**Task brief**
Reproduce each line below precisely. Drop the pictures.

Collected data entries
Content starts

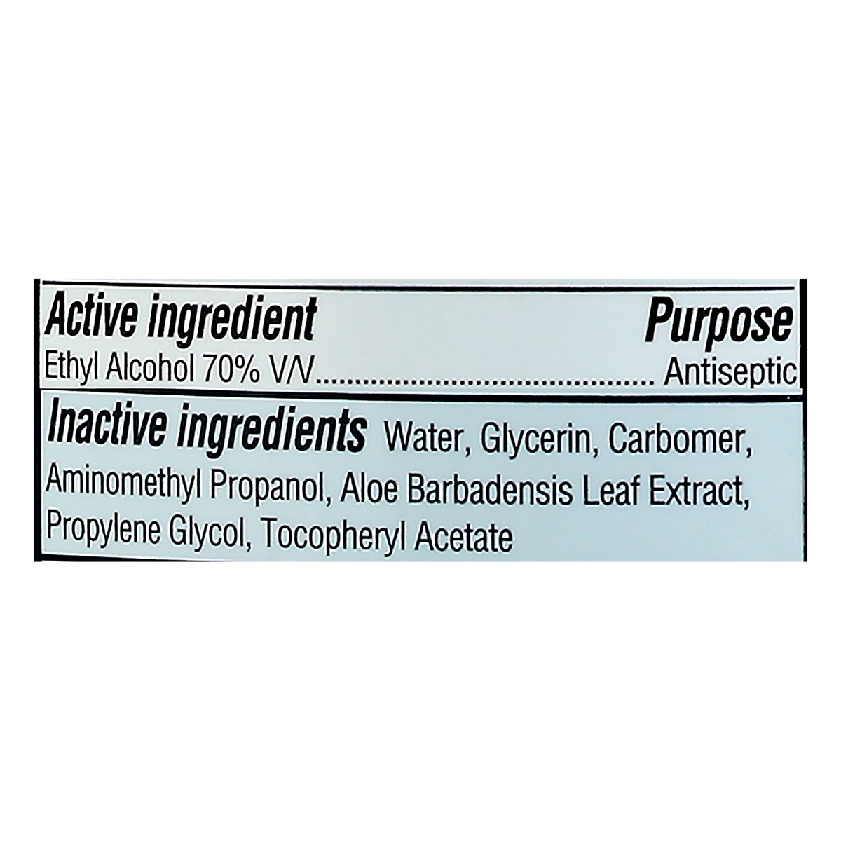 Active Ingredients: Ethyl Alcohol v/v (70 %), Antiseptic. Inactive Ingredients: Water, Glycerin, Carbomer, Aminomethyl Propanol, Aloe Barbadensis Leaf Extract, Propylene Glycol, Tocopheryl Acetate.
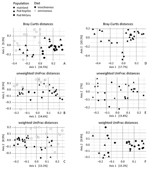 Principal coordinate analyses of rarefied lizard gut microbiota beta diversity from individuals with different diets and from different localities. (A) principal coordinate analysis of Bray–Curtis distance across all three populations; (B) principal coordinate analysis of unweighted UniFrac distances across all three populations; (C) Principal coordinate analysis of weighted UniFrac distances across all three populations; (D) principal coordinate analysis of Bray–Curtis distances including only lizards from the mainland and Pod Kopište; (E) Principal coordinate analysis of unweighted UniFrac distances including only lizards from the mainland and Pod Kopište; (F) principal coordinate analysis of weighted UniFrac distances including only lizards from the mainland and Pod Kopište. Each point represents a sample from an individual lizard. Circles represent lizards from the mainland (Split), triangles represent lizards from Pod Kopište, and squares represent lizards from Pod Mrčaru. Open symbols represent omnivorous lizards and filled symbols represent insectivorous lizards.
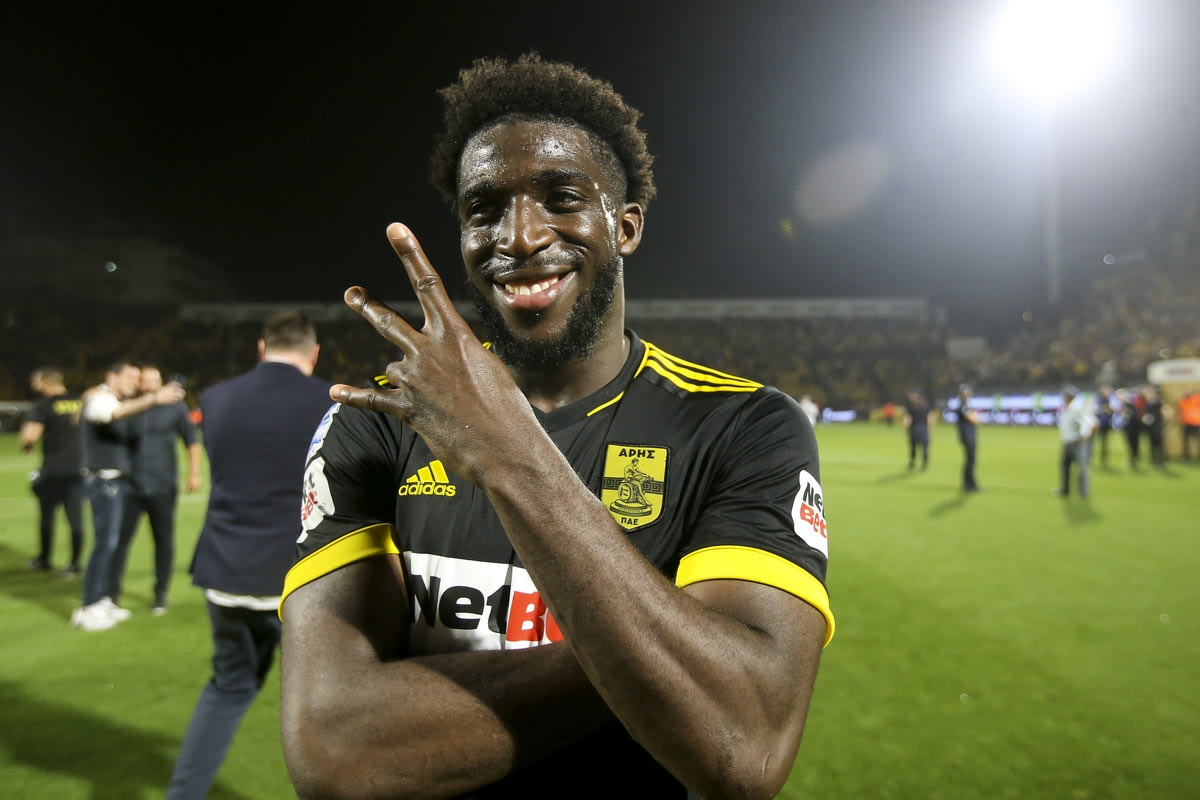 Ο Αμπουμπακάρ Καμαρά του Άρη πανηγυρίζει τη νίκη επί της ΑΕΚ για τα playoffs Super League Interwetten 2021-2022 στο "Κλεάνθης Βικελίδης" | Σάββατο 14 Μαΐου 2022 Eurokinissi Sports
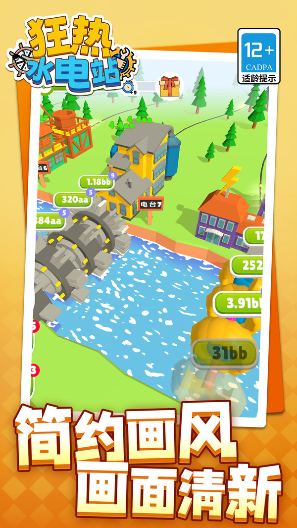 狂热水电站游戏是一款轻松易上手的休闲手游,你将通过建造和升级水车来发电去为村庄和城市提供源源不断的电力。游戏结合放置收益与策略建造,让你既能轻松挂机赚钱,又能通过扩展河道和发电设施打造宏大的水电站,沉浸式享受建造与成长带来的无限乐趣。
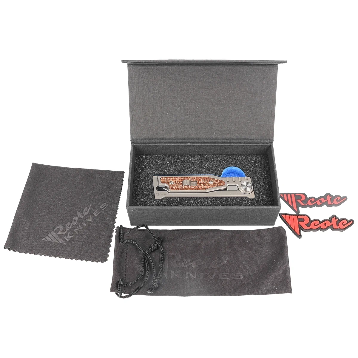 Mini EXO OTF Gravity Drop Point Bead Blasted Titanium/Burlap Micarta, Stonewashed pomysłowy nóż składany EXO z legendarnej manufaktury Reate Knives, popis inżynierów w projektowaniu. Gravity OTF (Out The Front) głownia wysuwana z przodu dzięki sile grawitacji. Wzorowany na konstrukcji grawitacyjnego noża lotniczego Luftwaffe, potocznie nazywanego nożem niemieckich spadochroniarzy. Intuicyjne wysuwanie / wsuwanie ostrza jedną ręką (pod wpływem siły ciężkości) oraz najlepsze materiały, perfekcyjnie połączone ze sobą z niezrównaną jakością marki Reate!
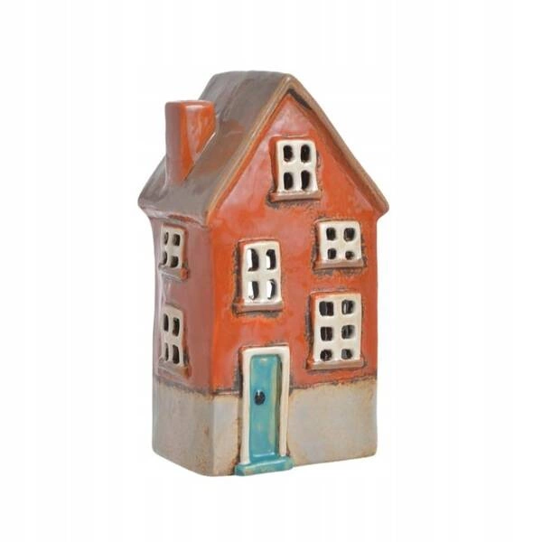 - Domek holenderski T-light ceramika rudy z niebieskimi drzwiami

Content ends

**Output for this exercise**
 Active Ingredients: Ethyl Alcohol v/v (70 %), Antiseptic. Inactive Ingredients: Water, Glycerin, Carbomer, Aminomethyl Propanol, Aloe Barbadensis Leaf Extract, Propylene Glycol, Tocopheryl Acetate.
 Principal coordinate analyses of rarefied lizard gut microbiota beta diversity from individuals with different diets and from different localities. (A) principal coordinate analysis of Bray–Curtis distance across all three populations; (B) principal coordinate analysis of unweighted UniFrac distances across all three populations; (C) Principal coordinate analysis of weighted UniFrac distances across all three populations; (D) principal coordinate analysis of Bray–Curtis distances including only lizards from the mainland and Pod Kopište; (E) Principal coordinate analysis of unweighted UniFrac distances including only lizards from the mainland and Pod Kopište; (F) principal coordinate analysis of weighted UniFrac distances including only lizards from the mainland and Pod Kopište. Each point represents a sample from an individual lizard. Circles represent lizards from the mainland (Split), triangles represent lizards from Pod Kopište, and squares represent lizards from Pod Mrčaru. Open symbols represent omnivorous lizards and filled symbols represent insectivorous lizards.
 Ο Αμπουμπακάρ Καμαρά του Άρη πανηγυρίζει τη νίκη επί της ΑΕΚ για τα playoffs Super League Interwetten 2021-2022 στο "Κλεάνθης Βικελίδης" | Σάββατο 14 Μαΐου 2022 Eurokinissi Sports
 狂热水电站游戏是一款轻松易上手的休闲手游,你将通过建造和升级水车来发电去为村庄和城市提供源源不断的电力。游戏结合放置收益与策略建造,让你既能轻松挂机赚钱,又能通过扩展河道和发电设施打造宏大的水电站,沉浸式享受建造与成长带来的无限乐趣。
 Mini EXO OTF Gravity Drop Point Bead Blasted Titanium/Burlap Micarta, Stonewashed pomysłowy nóż składany EXO z legendarnej manufaktury Reate Knives, popis inżynierów w projektowaniu. Gravity OTF (Out The Front) głownia wysuwana z przodu dzięki sile grawitacji. Wzorowany na konstrukcji grawitacyjnego noża lotniczego Luftwaffe, potocznie nazywanego nożem niemieckich spadochroniarzy. Intuicyjne wysuwanie / wsuwanie ostrza jedną ręką (pod wpływem siły ciężkości) oraz najlepsze materiały, perfekcyjnie połączone ze sobą z niezrównaną jakością marki Reate!
 - Domek holenderski T-light ceramika rudy z niebieskimi drzwiami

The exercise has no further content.